For the last few years the government-owned NBN Co has been busily building and selling their national broadband network (NBN) that is expected to bring Australia up to world internet standards. Whether or not this is accurate is not the point of this article, but to ask the question does the existence of a government controlled entity in a monopolistic position undermine the free market element of its economy?
First, let’s get one thing straight: there is a very good reason the NBN Co exists and why the NBN was not built by the private sector. That is because if it was left to the major telcos of Australia to build it, they would have all focused on the high margin, high population metro areas and ignored the low margin (or loss-making) rural areas.
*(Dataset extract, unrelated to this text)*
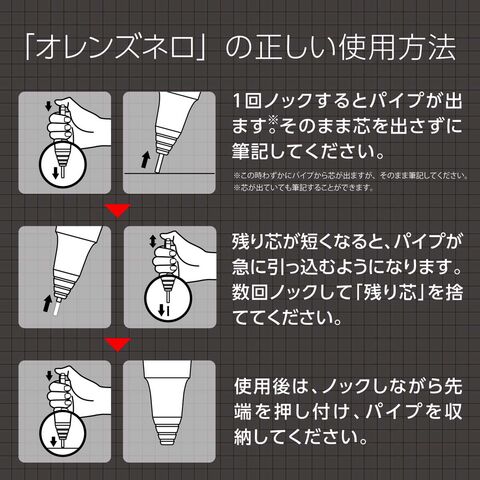 パイプで芯を守って書く!芯の折れない「オレンズシステム」と、ペン先を離すたびに芯が出てくる!ノック不要の「自動芯出し機構」を搭載。

NBN Co are building the network and wholesaling this to retail telcos so that they can ensure that the vast majority of the population can be connected to the NBN network, and will do so by averaging the wholesale price across all geographies, essentially allowing the metro areas to subsidise the rural areas – a notion which the private sector would absolutely not do because it is not profitable to do so.
But what about the existing networks? Telstra, TPG, and Optus all own a substantial amount of copper lines which they use to provide broadband services to their customers, as well as wholesaling this to operators such as Amaysim (ASX:AYS), Exetel and Dodo (who is owned by Vocus) who do not own their own network.
These companies who have built a business model and a customer offering around the fact that they own their network, are now forced to resell internet services for every customer that wants to move from ADSL broadband to the much faster (and only marginally more expensive) NBN service.
Noting that it is only marginally more expensive is key here because to upgrade to a mid-tier NBN package with unlimited downloads, it is only about $10 more than an unlimited ADSL2+ plan (I checked Exetel, TPG and Dodo). But here’s the kicker: NBN Co are charging a much higher incremental wholesale rate per customer than it cost these companies to provide broadband to the same upgrading customer.
Take TPG for example. Average revenue per NBN user is $8.50 higher than broadband customers (close to our $10 increase above), whereas cost of goods sold per NBN user is a staggering $28 higher than for customers on broadband contracts*. If all customers made the switch overnight, this would halve TPG’s gross profit margin.
Despite announcing results in line with guidance, the result is that TPG shares have lost 36% of their value since the results announcement because of the expected margin crimp that they have little control over.
In effect, this gives existing resellers such as Dodo or Exetel an advantage because they are already paying a higher cost to access the network from their existing wholesaler. So even though they might be receiving a similar margin to TPG, the impact will be lower as this margin is already their baseline, as opposed to TPG whose entire margin is likely to be rebased. All because of the legislated monopoly that the NBN Co holds over network.
Farnam holds Vocus Communications Limited in its Leaders Portfolio.
*TPG 2016 results presentation, Morgans Financial.